EXERCISE | An exact copy is needed of the lines from the one that contains "Kit 6 Encordoamento" through the final line of the data below, with pictures left out.

INFORMATION SUPPLIED |
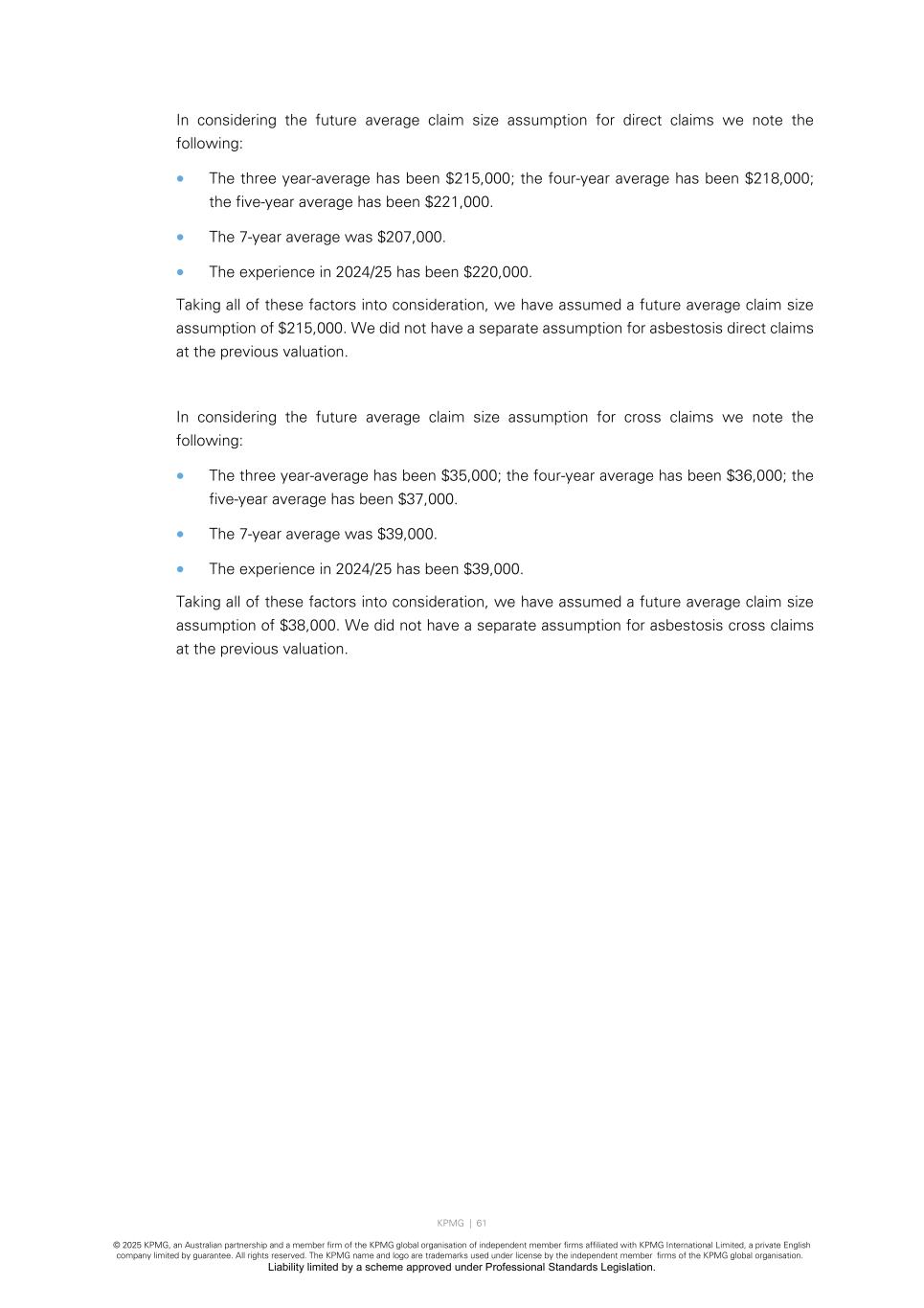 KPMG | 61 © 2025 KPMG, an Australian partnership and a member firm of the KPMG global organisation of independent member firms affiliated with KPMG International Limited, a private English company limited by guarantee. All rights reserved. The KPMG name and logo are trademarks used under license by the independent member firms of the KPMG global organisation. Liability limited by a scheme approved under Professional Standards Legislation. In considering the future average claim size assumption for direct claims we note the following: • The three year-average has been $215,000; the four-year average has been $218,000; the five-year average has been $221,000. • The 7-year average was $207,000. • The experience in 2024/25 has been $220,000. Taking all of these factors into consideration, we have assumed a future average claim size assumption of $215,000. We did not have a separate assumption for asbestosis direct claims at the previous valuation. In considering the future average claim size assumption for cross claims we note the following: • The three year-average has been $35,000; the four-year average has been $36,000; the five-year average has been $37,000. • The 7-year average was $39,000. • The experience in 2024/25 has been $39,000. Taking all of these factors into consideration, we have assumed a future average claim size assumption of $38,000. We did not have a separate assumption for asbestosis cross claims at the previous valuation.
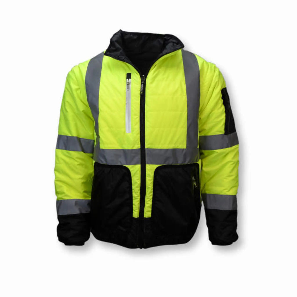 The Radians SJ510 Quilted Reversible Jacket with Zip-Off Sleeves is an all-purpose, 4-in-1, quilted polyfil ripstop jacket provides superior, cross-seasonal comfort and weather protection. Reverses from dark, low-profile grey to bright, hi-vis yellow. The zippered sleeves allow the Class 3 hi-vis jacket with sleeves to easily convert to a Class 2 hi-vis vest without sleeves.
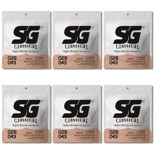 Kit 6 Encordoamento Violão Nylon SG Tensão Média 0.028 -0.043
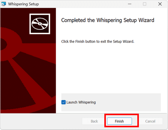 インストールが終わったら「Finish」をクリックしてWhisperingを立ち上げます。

EXERCISE RESULT |
 Kit 6 Encordoamento Violão Nylon SG Tensão Média 0.028 -0.043
 インストールが終わったら「Finish」をクリックしてWhisperingを立ち上げます。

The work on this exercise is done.